I guess you'll be adding some special syntax to html for those sorts of issues?
Mike on May 14, 2008 6:09 AMWe opted for Markdown in our CMS, because clients in combination with visual editors invariably screwed things up horribly. Although the output would be well-formed, it was inevitably nonsense, and it was far too easy to copy and paste the wrong bits of formatting from Word or somesuch (and lo, if we disabled that bit of functionality, there'd be complaints that they could no longer copy and paste other bits of formatting from Word).
Markdown has a double-pronged advantage for us:
1. It's simple for clients to learn how to mark stuff up properly. Because they have to think at least a tiny bit about the separation between content and formatting, it's easier for them to retrospectively tweak the markup to match what the content's supposed to convey as opposed to what Word made it look like
2. We can stick raw HTML into posts where a client's asked us to do something more complicated than they can manage themselves—Markdown's smart enough to leave the HTML as-is. Our clients, not being programmers, aren't likely to ever put in HTML themselves (and are aware that if they do, they stand a greater risk of screwing up their pages and so caveat emptor).
Works well for us.
Mo on May 14, 2008 6:10 AMHtml is harder to learn then the others when it comes to people without any experience. It has tags and attributes, which can be hard to wrap your mind around. These Lightweight types are easier to use for a beginner. Wikipedia is not a wiki for developers, it is for users who have never made a website before.
Think about your audience, if it's developers, they would be able to use html and have no problems with that. Although, they might then be able to interfere with your site code, which can be quite damaging. Leaving an a tag open, table open, javascript(!) etc.
Though, I have to say that it is a lot easer to do simple styling like bold and italic in bb code than html (specially if you are to make it xhtml strict valid)
Thomas Winsnes on May 14, 2008 6:12 AMI really think you ought to provide a simple wysiwyg editor, with the ability to edit code by hand. There's plenty of free, cross-browser applications available that you simply need to drop in and tell it what tags to allow.
Why make people do the markup by hand just because they can? That's like making a user edit a config file instead of providing them options within the program, just because they can.
I'm glad you at least went with HTML though, so no need to learn a new markup syntax.
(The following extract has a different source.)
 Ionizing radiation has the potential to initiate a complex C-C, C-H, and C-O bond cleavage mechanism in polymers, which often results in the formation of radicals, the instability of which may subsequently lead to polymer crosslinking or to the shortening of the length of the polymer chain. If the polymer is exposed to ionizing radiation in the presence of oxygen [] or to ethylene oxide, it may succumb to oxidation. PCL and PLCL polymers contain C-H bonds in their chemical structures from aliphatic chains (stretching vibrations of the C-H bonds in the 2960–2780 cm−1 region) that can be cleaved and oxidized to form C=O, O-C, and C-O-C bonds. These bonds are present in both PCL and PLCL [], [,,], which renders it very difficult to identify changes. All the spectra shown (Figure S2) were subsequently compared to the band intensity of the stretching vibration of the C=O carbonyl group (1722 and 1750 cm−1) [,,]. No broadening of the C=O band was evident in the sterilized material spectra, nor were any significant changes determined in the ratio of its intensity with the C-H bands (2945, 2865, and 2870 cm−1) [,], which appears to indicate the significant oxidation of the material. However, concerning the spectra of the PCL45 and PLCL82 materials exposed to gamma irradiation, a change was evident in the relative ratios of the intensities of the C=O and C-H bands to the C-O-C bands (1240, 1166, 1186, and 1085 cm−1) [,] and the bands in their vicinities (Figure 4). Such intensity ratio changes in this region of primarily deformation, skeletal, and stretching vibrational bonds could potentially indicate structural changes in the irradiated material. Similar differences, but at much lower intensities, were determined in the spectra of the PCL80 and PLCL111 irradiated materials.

Especially with the completely _unintuitive_ underscore to mean italics. I can't think of a worse choice. I mean, there's the slash which is s/anted like italics, or the underscore, which looks much like an underline. Ugh. =)
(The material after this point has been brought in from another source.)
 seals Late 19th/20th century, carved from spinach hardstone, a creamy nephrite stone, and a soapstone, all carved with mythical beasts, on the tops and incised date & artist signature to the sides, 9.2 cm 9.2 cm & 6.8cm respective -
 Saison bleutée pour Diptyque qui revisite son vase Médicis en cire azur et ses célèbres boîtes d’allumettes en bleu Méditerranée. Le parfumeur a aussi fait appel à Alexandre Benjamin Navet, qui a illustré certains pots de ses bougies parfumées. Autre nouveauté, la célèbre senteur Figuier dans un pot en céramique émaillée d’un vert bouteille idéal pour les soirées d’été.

Sammy Larbi on May 14, 2008 6:12 AMAt Pendant's corner over here I have noticed than none of the markup examples would produce the HTML above. Replace "Some examples" with "A Few examples" at first glance.
Pedant on May 14, 2008 6:13 AMUse ReST!
Calvin Spealman on May 14, 2008 6:15 AMWe had the same discussion when we developed a wiki-like interface in our application.
It seemed that Markdown was easier for users to understand than Textile after initial tests.
I would not go the HTML way since it allows users to break any semantic value you could find in their entry.
I would neither create my own language based on both Markdown and Textile, since users, especially blog users, are very used to one of them. You would just create confusion and mistakes.
Vincent on May 14, 2008 6:15 AMAmen. I curse every second that I have to think about (or, God forbid, actually look up) the correct markup to link something or make whitespace non-wrapping or whatever. I already know HTML. You already know HTML. And you, over there, who doesn't already know HTML: the time you spend learning the tiny subset of HTML that you need to post a comment to a web site will be much more worthwhile than spending that same time learning one of the umpteen subtly different "lightweight" markup systems out there.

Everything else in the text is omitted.